Exercise brief: Below are some records. Retype exactly the lines from the one containing "为了聚焦国家战略发展需求,提" through the one containing "The hard wired", both included, skipping every picture.

Input data:
══════

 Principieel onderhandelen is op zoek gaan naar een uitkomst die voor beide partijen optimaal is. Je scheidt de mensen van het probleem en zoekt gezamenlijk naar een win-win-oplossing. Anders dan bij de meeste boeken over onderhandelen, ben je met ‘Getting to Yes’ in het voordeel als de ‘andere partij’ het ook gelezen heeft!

══════

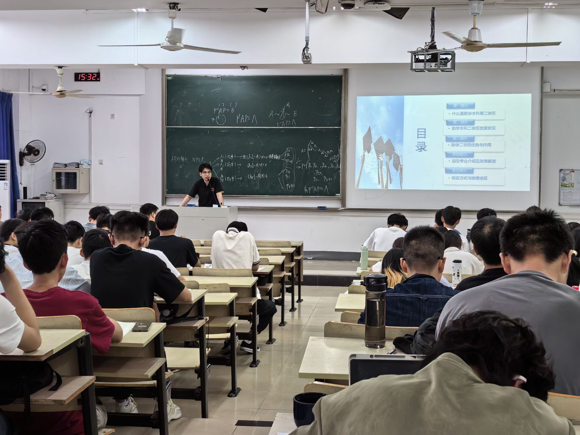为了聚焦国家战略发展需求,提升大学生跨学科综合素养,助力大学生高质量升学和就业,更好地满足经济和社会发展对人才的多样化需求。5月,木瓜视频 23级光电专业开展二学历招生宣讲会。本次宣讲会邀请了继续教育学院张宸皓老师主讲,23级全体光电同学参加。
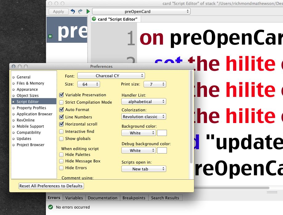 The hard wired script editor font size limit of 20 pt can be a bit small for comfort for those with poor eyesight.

══════

Solution to this problem:
为了聚焦国家战略发展需求,提升大学生跨学科综合素养,助力大学生高质量升学和就业,更好地满足经济和社会发展对人才的多样化需求。5月,木瓜视频 23级光电专业开展二学历招生宣讲会。本次宣讲会邀请了继续教育学院张宸皓老师主讲,23级全体光电同学参加。
 The hard wired script editor font size limit of 20 pt can be a bit small for comfort for those with poor eyesight.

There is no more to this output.